● Task data
-- Opening Marker --

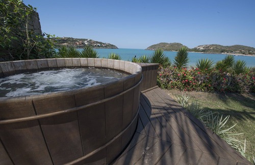 House by the sea, with 1000 square meters of private area. There are 7 suites (all with air conditioning, TV, and 300-thread count sheet), living room, TV room, 17-meter lap pool, which embraces the house, with shallow area, sauna, barbecue, gardens, lawn and outdoor hot tub. Ideal environment for adults to rest simply by gazing at the sea in the hot tub, or reading a book, and children to play running in the large flat area of the house and gardens, or jumping in the bounces. The house has three employee rooms, laundry, and parking for 4 cars. Os hóspedes contam com o serviço da cozinheira, arrumadeira e caseiro para tornar a estadia o mais confortável possível.
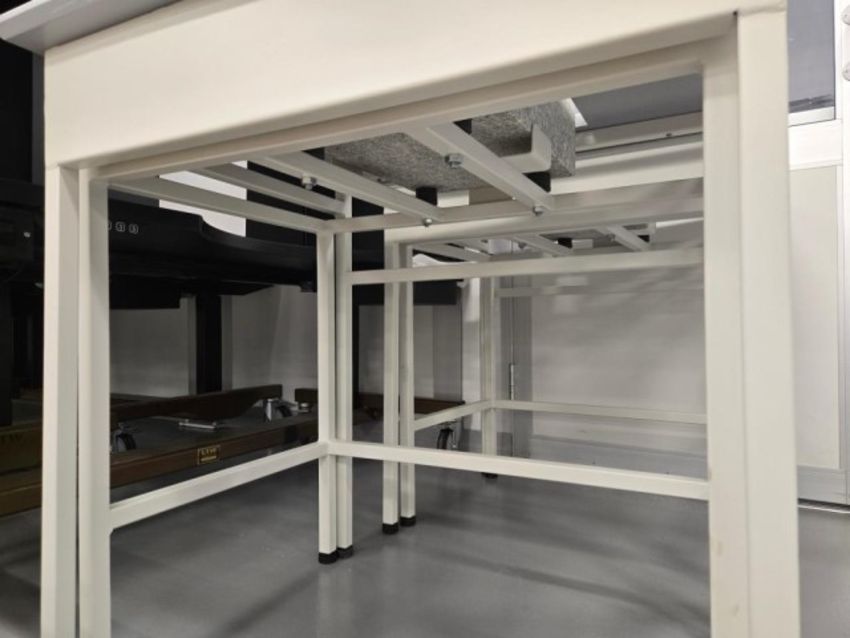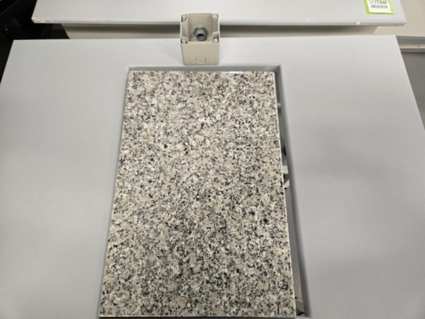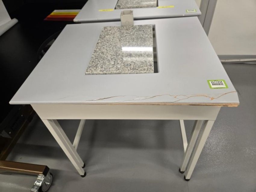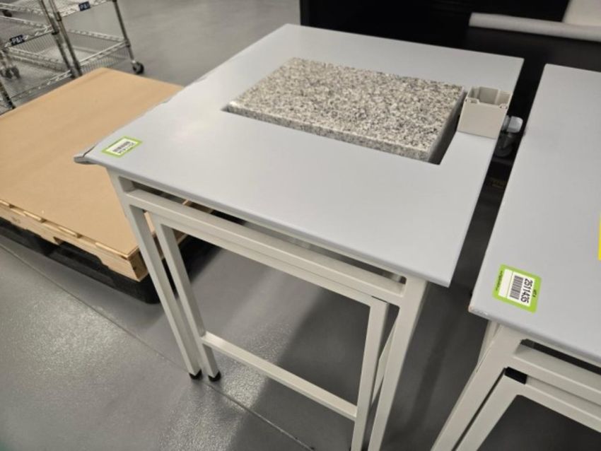 Laboratory Balance Table, 25.5"x30" w/ Polished Grante Slab, 4.5"x10.5"x16" as Integrated Worktop Mounted on Absorbent Rubber Pads. HIT# 2511434. Asset Located at 1945 Craig Rd., St. Louis, MO 63146.
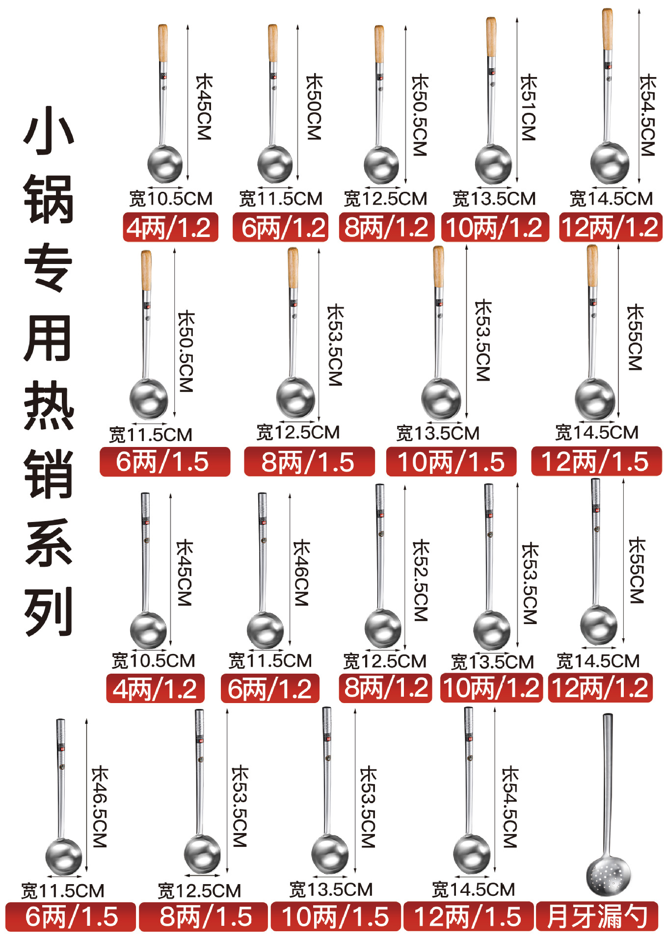 • 1.2 두꺼운 나무 손잡이 12 개의 튀긴 숟가락 [길이 54.5cm * 폭 14.5cm]]
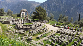 在距雅典150公里的帕那索斯深山里,有一處世界聞名的著名古跡,被稱為“地球的肚臍”的德爾菲。這里主要由阿波羅太陽神廟、雅典女神廟、劇場、體育訓(xùn)練場和運動場組成,其中最有名的是古代希臘象征光明和青春并且主管音樂、詩歌及醫(yī)藥、畜牧的太陽神阿波羅的神廟。古希臘人認(rèn)為,德爾菲是地球的中心,是“地球的肚臍”。宙斯為了確定地球的中心在哪里,從地球的兩極放出兩只神鷹相對而飛。兩只鷹在德爾菲相會,宙斯斷定這里是地球的中心,于是將一塊圓形石頭放在德爾菲,作為標(biāo)志。如今這塊石頭就珍藏在德爾菲博物館里。
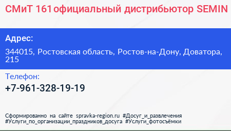 СМиТ 161, официальный дистрибьютор SEMIN по адресу 344015, Ростовская область, Ростов-на-Дону, Доватора, 215 в дальнейшем Организация, размещена в следующих категориях:
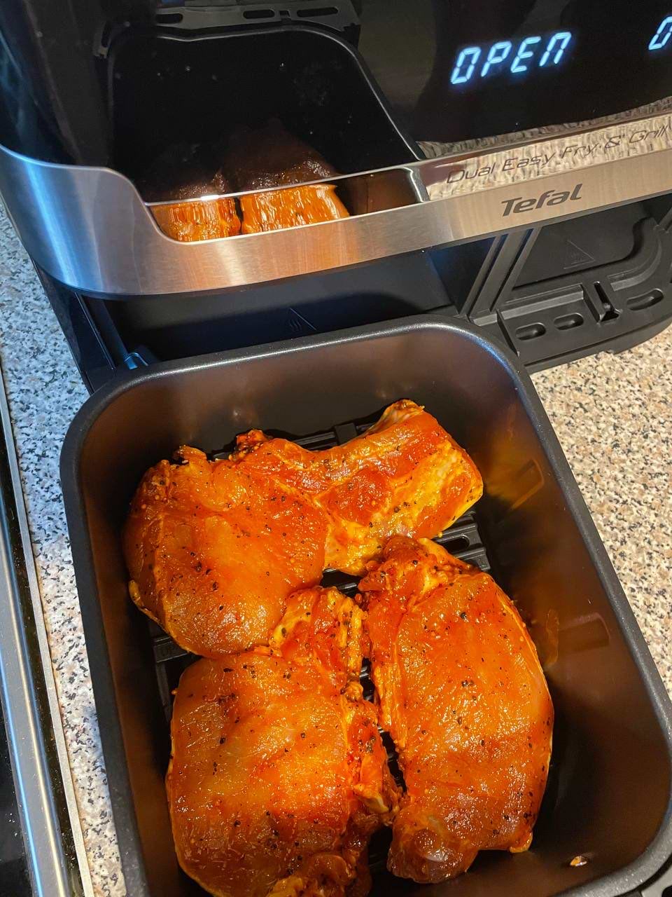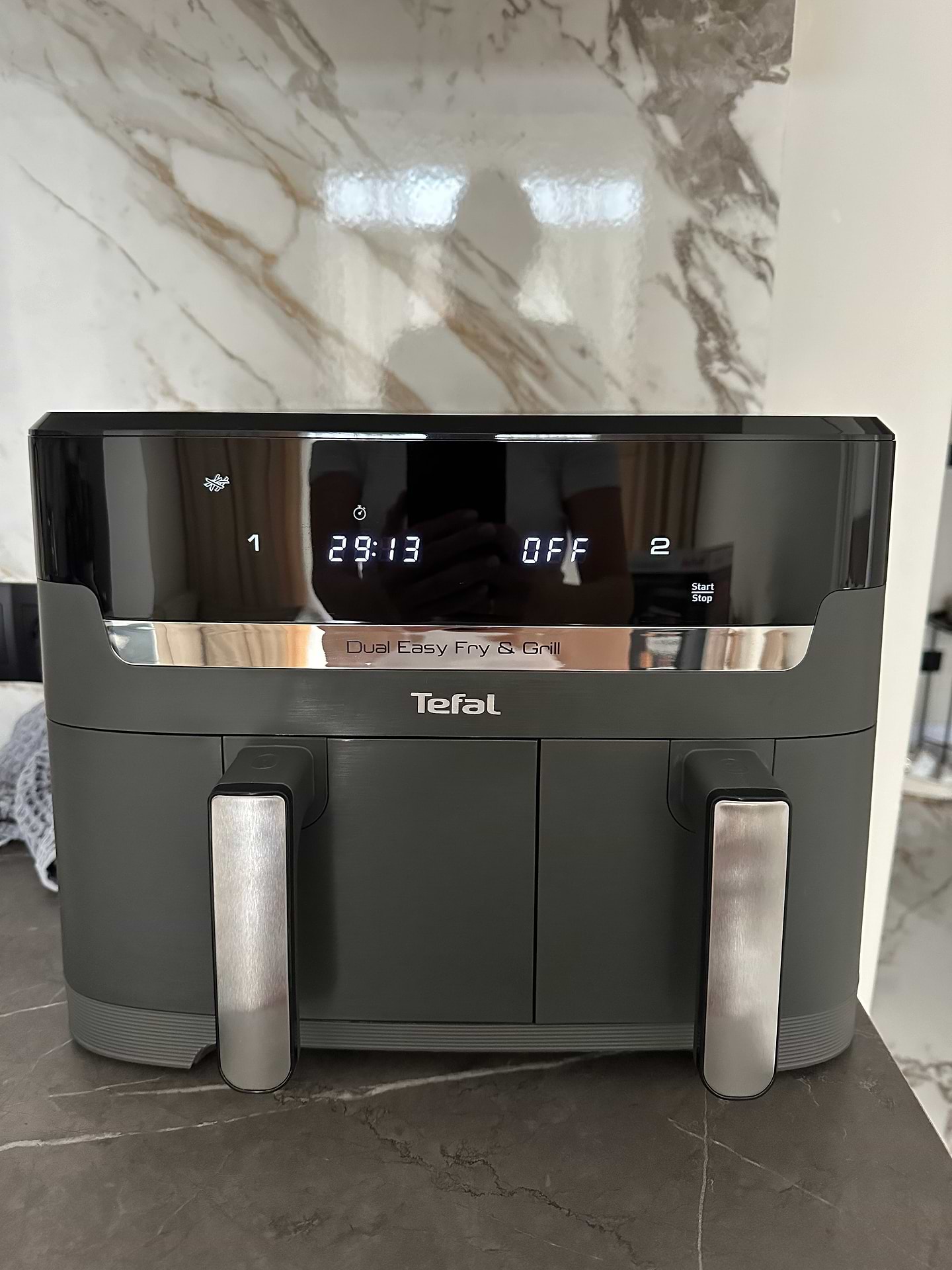 дуже задоволений покупкою!!! перше приготування вечері прказало наскільки все просто та зручно! Страви на грилі вийшли дуже смачно та відносно швидко.Гарна функція синхронизації, два лотка - дві страви! як завжди Tefal на висоті, всім рекомендую!

-- Closing Marker --

● Exercise prompt
Return every entry of the data above verbatim, with no images included.

● Response to the exercise
 House by the sea, with 1000 square meters of private area. There are 7 suites (all with air conditioning, TV, and 300-thread count sheet), living room, TV room, 17-meter lap pool, which embraces the house, with shallow area, sauna, barbecue, gardens, lawn and outdoor hot tub. Ideal environment for adults to rest simply by gazing at the sea in the hot tub, or reading a book, and children to play running in the large flat area of the house and gardens, or jumping in the bounces. The house has three employee rooms, laundry, and parking for 4 cars. Os hóspedes contam com o serviço da cozinheira, arrumadeira e caseiro para tornar a estadia o mais confortável possível.
 Laboratory Balance Table, 25.5"x30" w/ Polished Grante Slab, 4.5"x10.5"x16" as Integrated Worktop Mounted on Absorbent Rubber Pads. HIT# 2511434. Asset Located at 1945 Craig Rd., St. Louis, MO 63146.
 • 1.2 두꺼운 나무 손잡이 12 개의 튀긴 숟가락 [길이 54.5cm * 폭 14.5cm]]
 在距雅典150公里的帕那索斯深山里,有一處世界聞名的著名古跡,被稱為“地球的肚臍”的德爾菲。這里主要由阿波羅太陽神廟、雅典女神廟、劇場、體育訓(xùn)練場和運動場組成,其中最有名的是古代希臘象征光明和青春并且主管音樂、詩歌及醫(yī)藥、畜牧的太陽神阿波羅的神廟。古希臘人認(rèn)為,德爾菲是地球的中心,是“地球的肚臍”。宙斯為了確定地球的中心在哪里,從地球的兩極放出兩只神鷹相對而飛。兩只鷹在德爾菲相會,宙斯斷定這里是地球的中心,于是將一塊圓形石頭放在德爾菲,作為標(biāo)志。如今這塊石頭就珍藏在德爾菲博物館里。
 СМиТ 161, официальный дистрибьютор SEMIN по адресу 344015, Ростовская область, Ростов-на-Дону, Доватора, 215 в дальнейшем Организация, размещена в следующих категориях:
 дуже задоволений покупкою!!! перше приготування вечері прказало наскільки все просто та зручно! Страви на грилі вийшли дуже смачно та відносно швидко.Гарна функція синхронизації, два лотка - дві страви! як завжди Tefal на висоті, всім рекомендую!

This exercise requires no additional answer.